Relativamente à palavra idoso se fizermos a sua decomposição ficamos com duas palavras: ido + so, o que pode significar ido só… e o certo é que a solidão das pessoas mais velhas é cada vez mais premente.

Será que a terminologia utilizada influência os nossos sentimentos? Não sei, mas fica a reflexão.

Consciente de que, em todos os países, as pessoas estão a atingir uma idade avançada em maior número e em melhor estado de saúde do que alguma vez sucedeu é pertinente referir alguns princípios e direitos previstos a nível internacional e na nossa lei fundamental (Constituição da República Portuguesa).

No sentido de reafirmar a fé nos direitos humanos fundamentais, na dignidade e no valor da pessoa humana as Nações Unidas estabeleceram cinco princípios para as pessoas idosas, a saber: independência, participação, assistência, realização pessoal e dignidade.

Princípios de fácil compreensão, mas que muitas vezes não são praticados.

A nossa Constituição da República prevê como direito fundamental a proteção da terceira idade, a par da proteção da infância e da juventude.

Prescreve o artigo 72.º da C.R.P.:

“1- As pessoas idosas têm direito à segurança económica e a condições de habitação e convívio familiar e comunitário que respeitem a sua autonomia pessoal e evitem e superem o isolamento ou a marginalização social.

2- A política de terceira idade engloba medidas de caráter económico, social e cultural tendentes a proporcionar às pessoas idosas oportunidades de realização pessoal, através de uma participação activa na vida da comunidade.”

Existe um projeto muito interessante, de origem espanhola, que está a ser implementado no nosso país designado “Adota um avô”. O objetivo do projeto não é levar a pessoa para casa, mas sim estabelecer laços de amizade e companheirismo.

Projeto interessante para a região do Minho o adotar.

Convido a participar no projeto “Adote um avô”. Em diversos lares poderá conhecer idosos que não querem muito de si.
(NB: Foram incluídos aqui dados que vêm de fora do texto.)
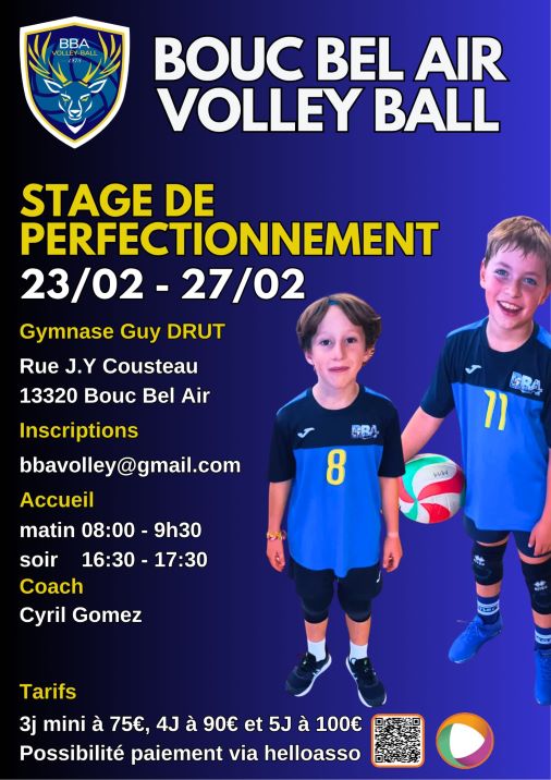 Stage de Volleyball à Bouc-Bel-Air : ce sera la deuxième semaine des vacances de février, du lundi au vendredi.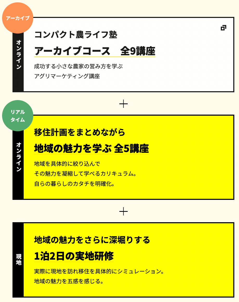 オンラインで農的暮らしと商いのつくりかたを学びながら、現地実習でそれを体現している人々と出会うことができます。オンラインと実地研修を組み合わせることで超短期間ながらノウハウ満載のプログラムを実現しました。

Querem o seu sorriso, o seu abraço, o seu tempo.

Querem que esteja disposto a ouvir as suas histórias, saber de suas verdades e porquês.

É um privilégio quem ainda possui um avô e teve a oportunidade de conhecê-lo, por isso estime-o e seja carinhoso e amável com ele.

Um bem-haja aos nossos avós, em especial aos avós dos meus filhos!